Many biotech companies are investigating live biotherapeutic products and diagnostic tests for COVID-19. For example, in April 2020, Persephone Biosciences announced that it was developing artificial intelligence (AI)-derived microbiome therapeutic to prevent and treat COVID-19, as well as a stool-based diagnostic to help predict which patients are at highest risk for developing severe COVID-19. https://www.prnewswire.com/news-releases/persephone-biosciences-announces-ai-driven-microbiome-therapeutic-and-diagnostic-programs-for-covid-19-301033668.html
Persephone Biosciences anticipates that the microbiome therapeutic could be used as an enhancer of the immune system to prevent infection, boost the immune system of those exposed to the virus, taken at the onset of symptoms, or given with a vaccine or antiviral to mount an effective immune response.
Persephone used its proprietary Decode. Design.Cure technology platform, which applies a combination of AI and next-generation genome sequencing technologies, to develop novel microbiome therapeutics and diagnostics. Lead candidates are expected to enter clinical trials in late 2020 as either monotherapy or in combination with other treatments, subject to FDA approval.

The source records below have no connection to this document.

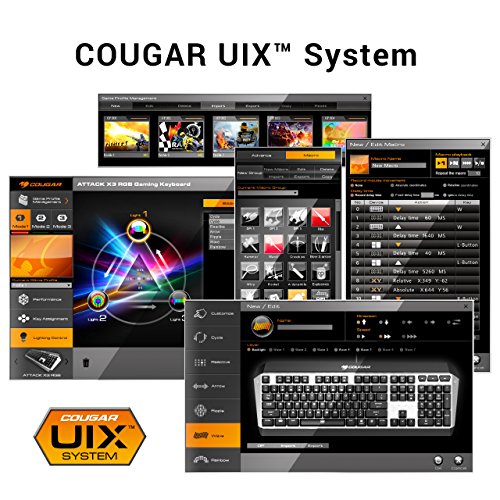 -. Feature : Attack X3 RGB brings you the most popular switches for gaming: Cherry MX switches / RGB Backlight Meets Aluminum: A Glorious Color Performance / N-Key Rollover: Attack X3 RGB frees you from any restriction, allowing you to press any number of keys and obtain always accurate results! / FPS Palm Rest: Gain comfort and improve your performance. / COUGAR UIX software has the most intuitive, friendly, and easiest interface, which allows you to edit unlimited backlight effects. In addition, it offers easier configuration and customization, macro recording and sharing between devices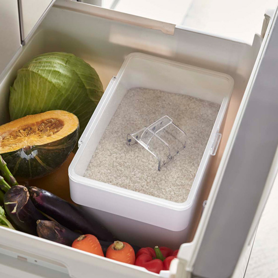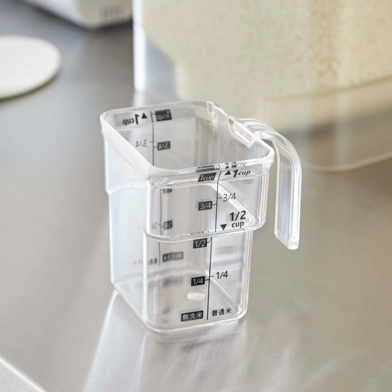 蓋は全面が開くからお米がすくいやすく、残量が分かりやすい透明蓋。底の形が付属の計量カップにピッタリとフィットするので、残りのお米をきれいにすくい取れます。持ち手があるからお米の補充の際の移動も簡単!部品は全て分解して洗えるので、いつでも清潔に保てます。すり切り一杯で1合、段差部分で半合が測れる段々米計量カップ付き。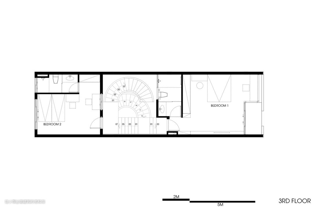 中间位置的漏斗式采光井,同样也被运用在了建筑临街一侧的立面上,往内逐渐退让的立面,让建筑与城市空间的关系变得更加缓和,而不是生硬的交接。像这种典型的城市住宅,整个设计过程就像是解一道数学题一样,通过分析痛点,解决问题产生合理的方案,最终打造出一个舒适惬意的家居空间,这对于我们很多有类似地块的待建住宅,有着极其强的借鉴意义。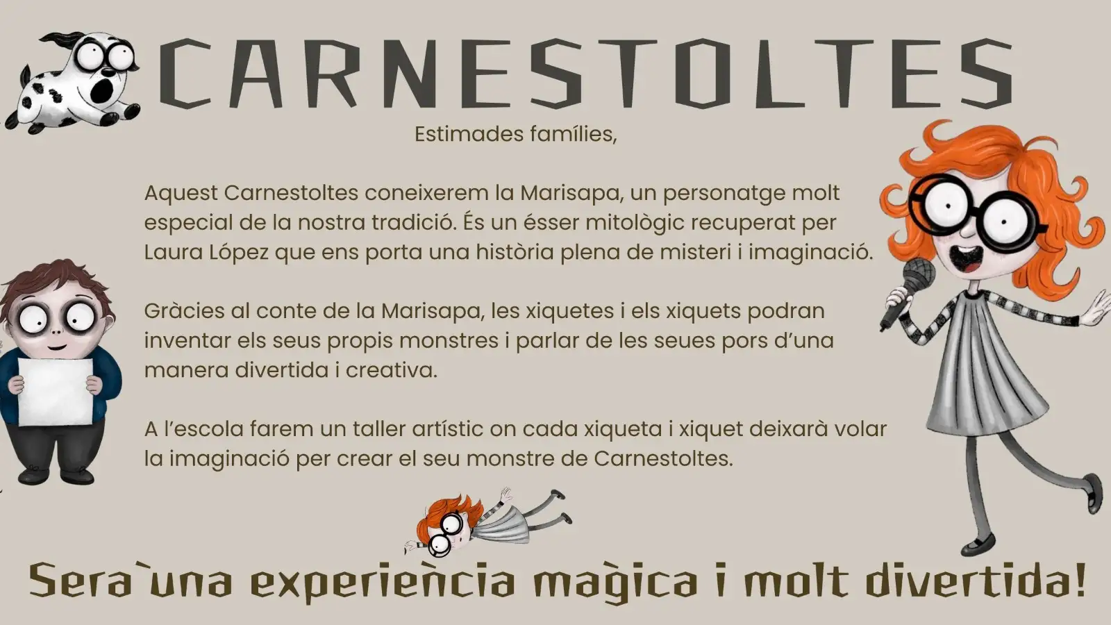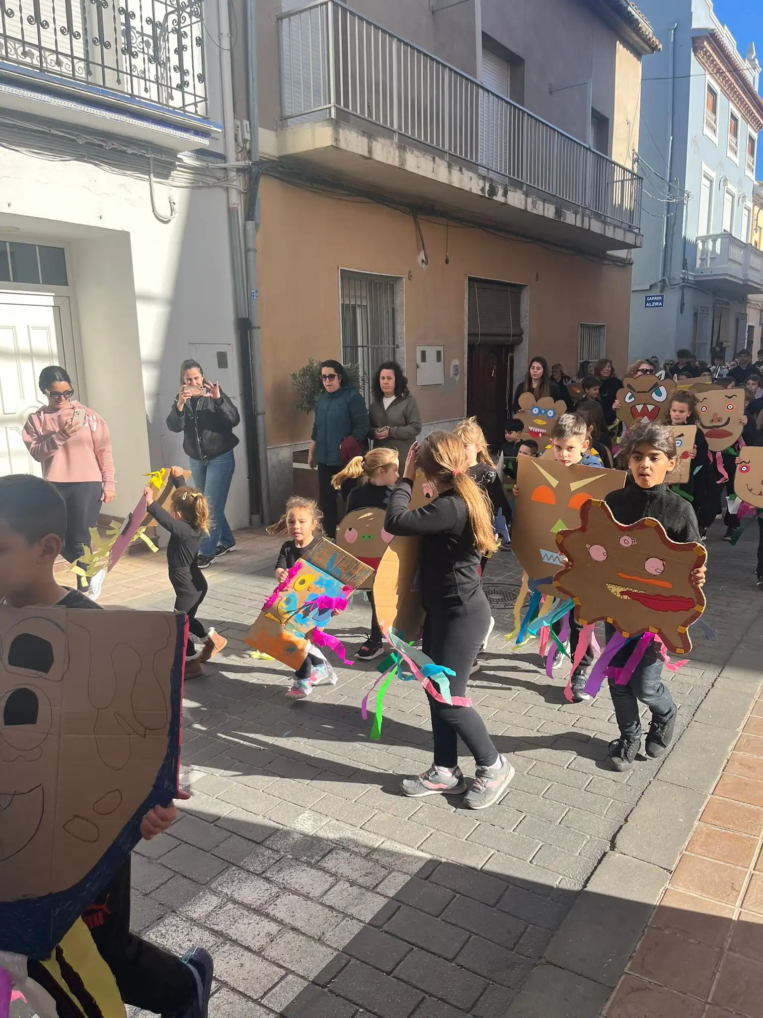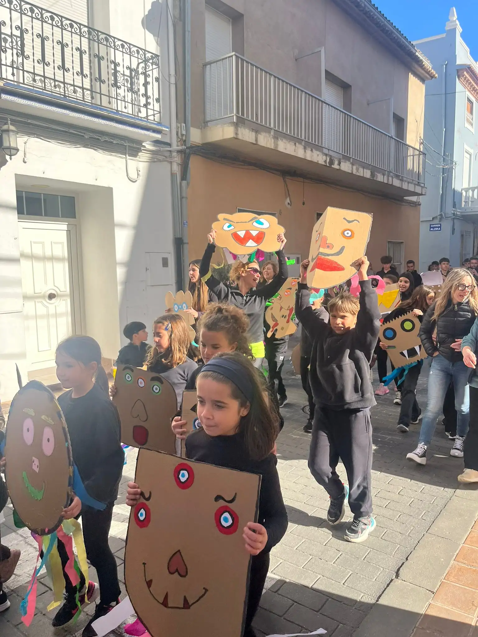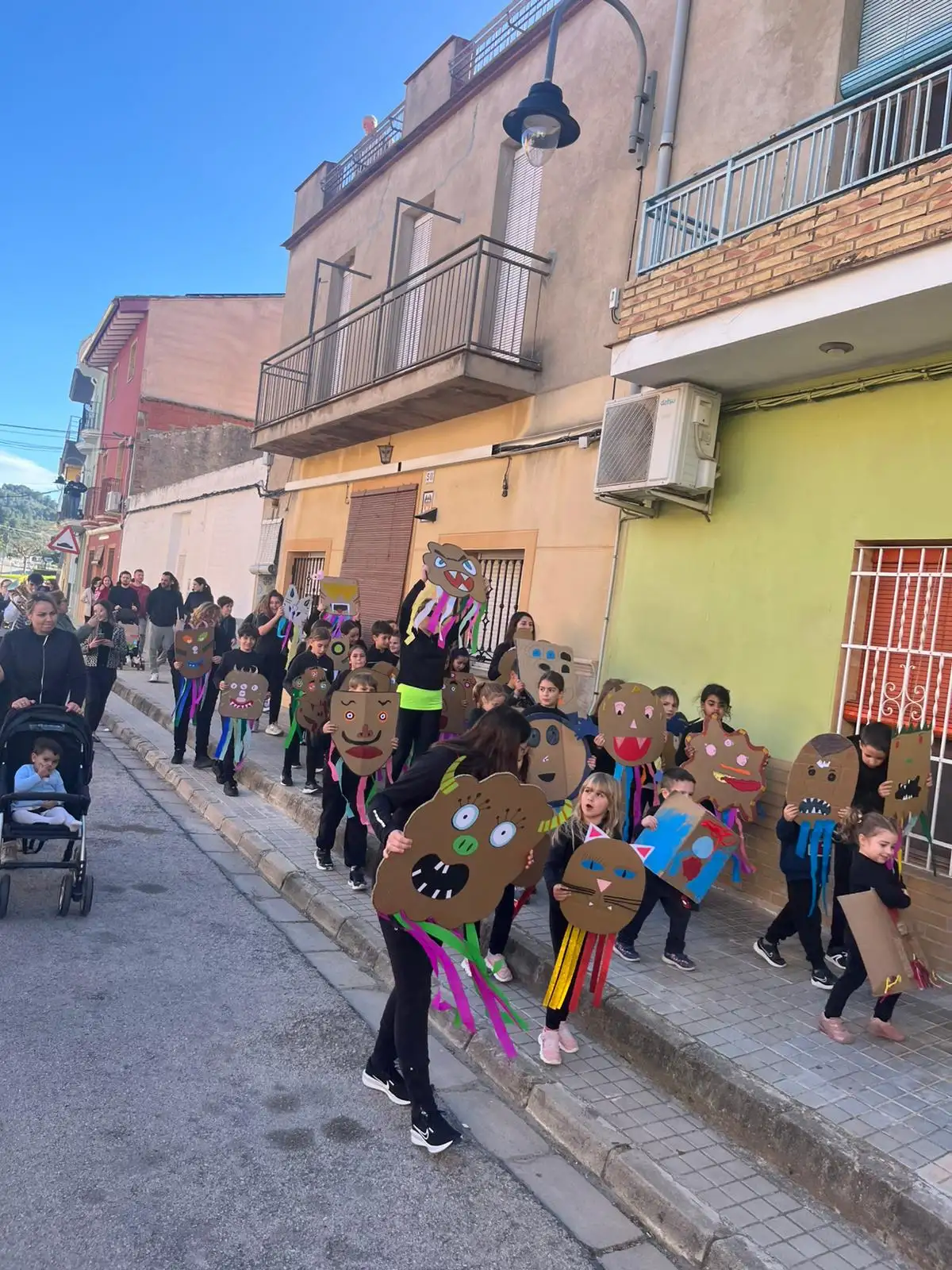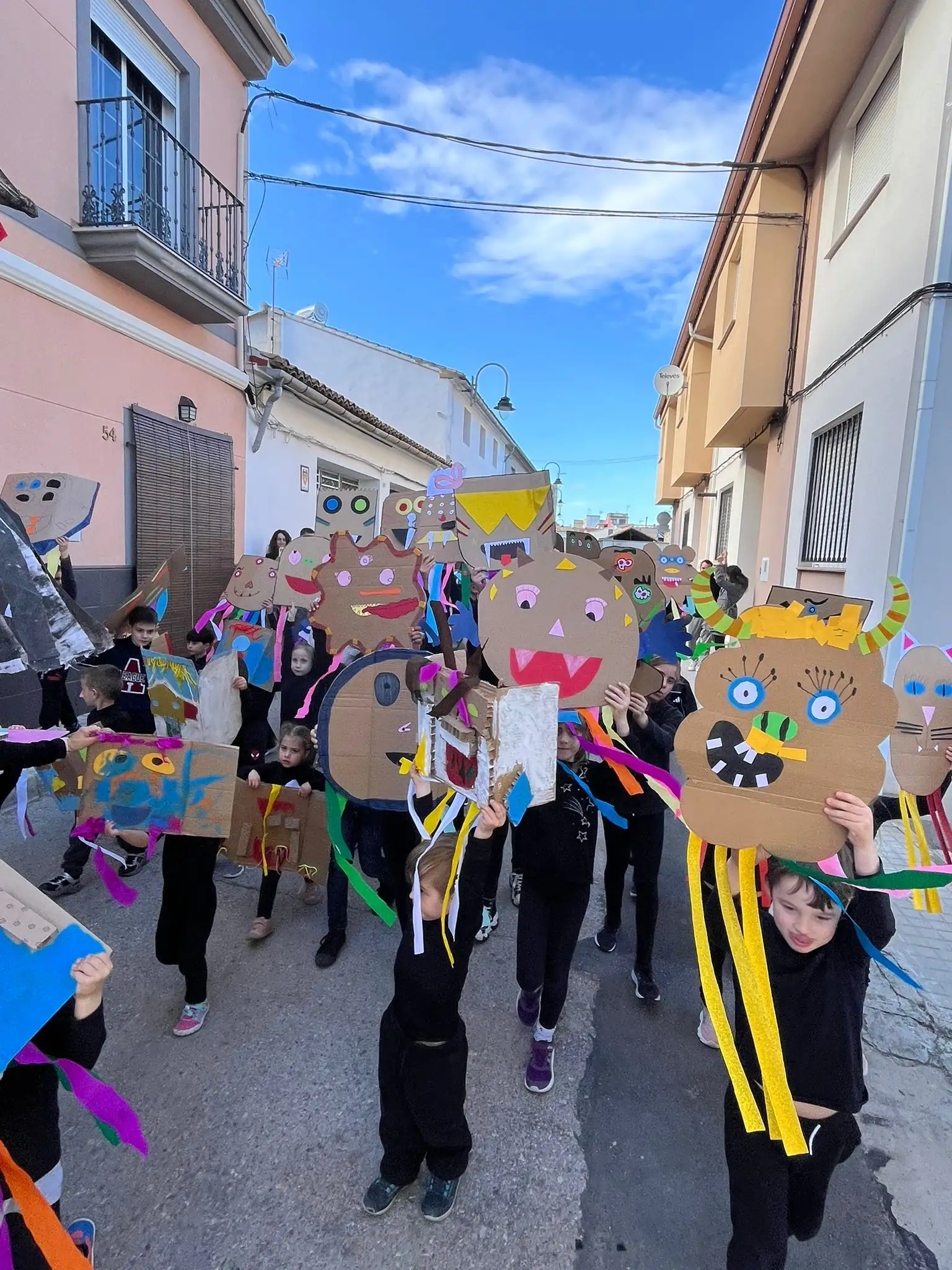 Este curs hem celebrat el carnestoltes amb moltes activitats. Ambientat en el conte de “La Marisapa”, la setmana de carnestoltes ha estat d’allò més divertida. Amb esta temàtica hem volgut donar-li un context proper als alumnes, ja que és una història basada en el nostre poble i molts xiquets han llegit el llibre. El dijous 5 de febrer a la vesprada, les nostres companyes d’Infantil ens van presentar la temàtica del carnestoltes d’enguany a través de la representació del conte de “La Marisapa”. Després cantàrem tots junts la cançó i donàrem les idees per fer el nostre propi monstre. Vam elaborar a manera de treball en cadena diferents tiretes acolorides per als monstres de tots.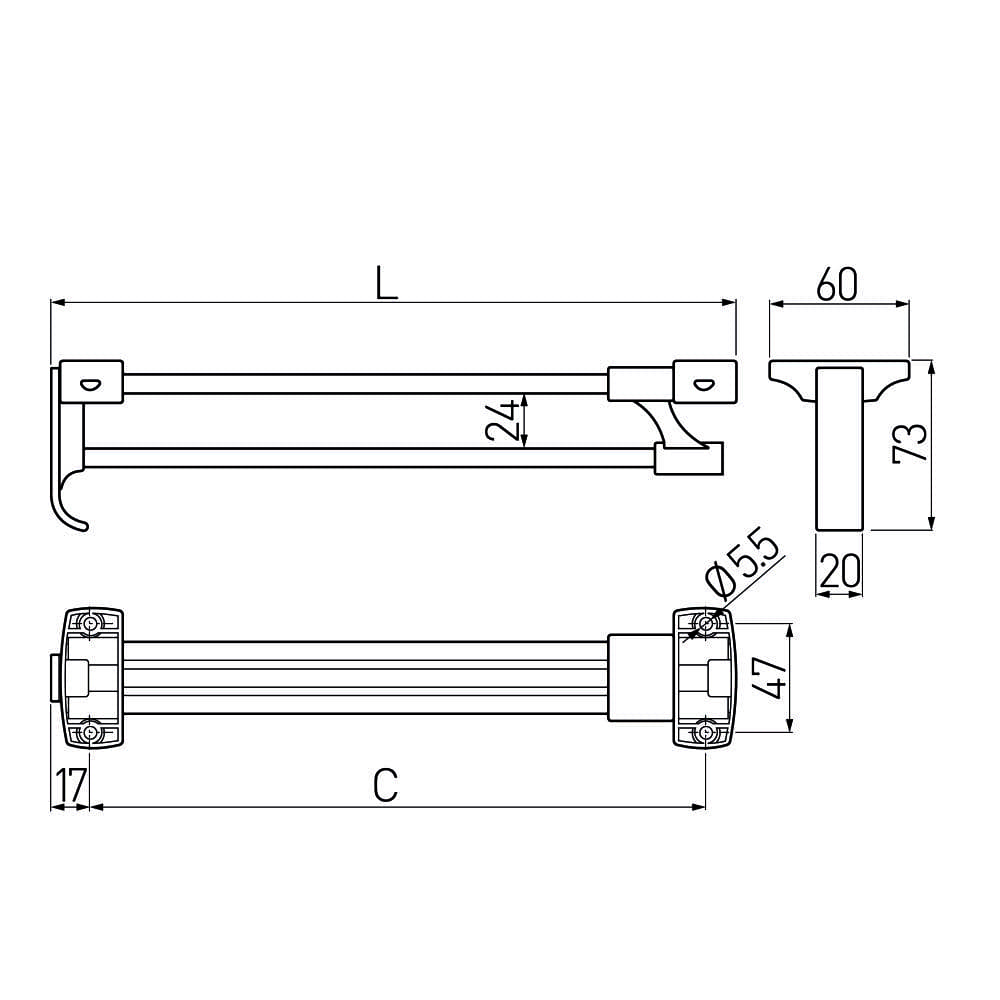 Штанга выдвижная PRESTIGE - вешалка для одежды, устанавливаемая внутри гардеробной. В зависимости от размера шкафа подбирается штанга определенной длины.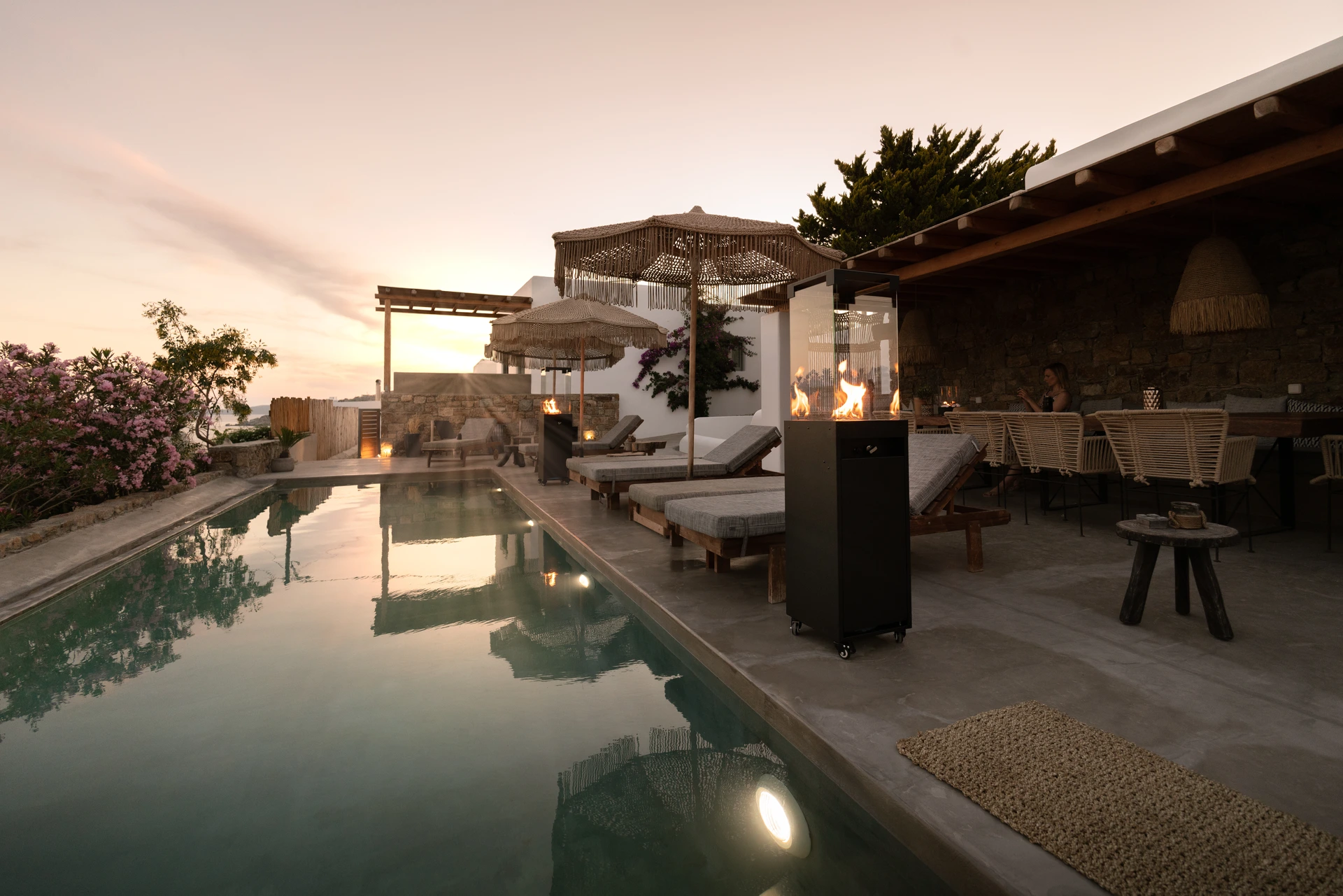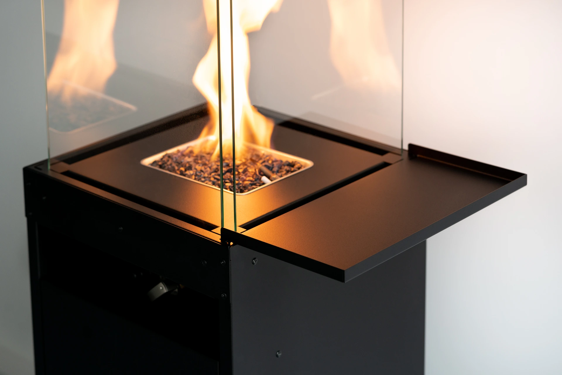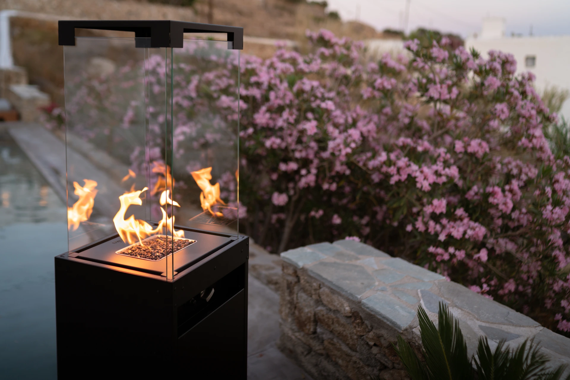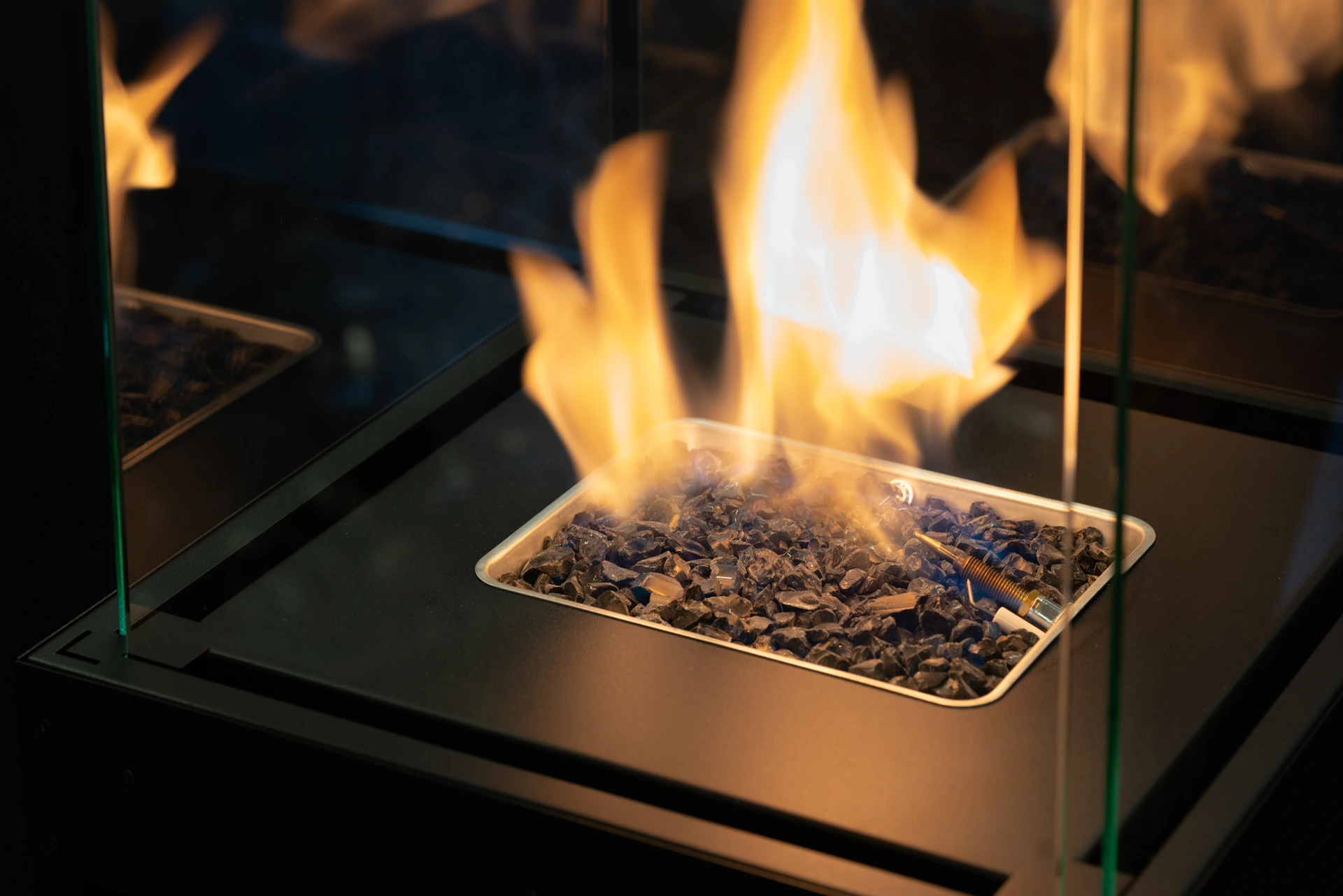 Ergonomski oblik obezbeđuje ravnomernu distribuciju toplote. Gorionik je sa 4 strane pokriven staklenim panelima i čeličnim poklopcem sa gornje strane koji u slučaju kiše štiti plamen od gašenja. Kućište premazano crnim slojem praha čini kamin otpornim na oštećenja. Paneli od kaljenog stakla su pouzdana zaštita dece i kućnih ljubimaca od vatre, a u slučaju vetrovitog vremena čuvaju plamen.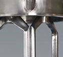 The timing of the blades is fixed, allowing for the tangential overlapping of the standard rectangular, winged (finger-type), or helical stirrer blades. A revolving scraper arm is optionally available for wall scraping requirements.

Interestingly in July 2020, ExeGi Pharma LLC announced the results of a clinical trial evaluating a microbiome drug candidate in hospitalized COVID-19 patients, which was published in Frontiers in Medicine. https://www.frontiersin.org/articles/10.3389/fmed.2020.00389/full
The researchers from the University of Rome hypothesized that a bacterial formulation could mitigate Covid-19 severity via modulation of the gut-lung axis.
This study enrolled 70 Covid-19 patients who had a fever, showed greater than 50% lung involvement on computed tomography (CT) scans and required non-invasive oxygen therapy. In the first study group, 42 patients received standard treatment of hydroxychloroquine, antibiotics, and tocilizumab. In the second study group, 28 patients received standard treatment, plus a high-dose, eight-strain bacteriotherapy.
Importantly of the patients in the bacteriotherapy group, all experienced elimination of diarrhoea within seven days, compared to less than half of the patients in the first study group.
The bacteriotherapy group also showed significant improvements in other COVID-19 symptoms, including fever, shortness of breath, physical weakness, and myalgia. Additionally, two patients not treated with bacteriotherapy were transferred to the intensive care unit (ICU) for mechanical ventilation.
Another four patients in the control group died as a result of Covid-19, although this was not statistically significant. No adverse events were recorded in the bacteriotherapy group.
In summary data from the research studies from China and Italy highlight the potential of using the gut microbiota as both a diagnostic marker for COVID-19 and as a therapeutic target by altering its composition to decrease inflammation and thus reduce disease severity.
Still more research is needed to fully understand the role of the gut-lung axis in COVID-19 in order to validate these study results.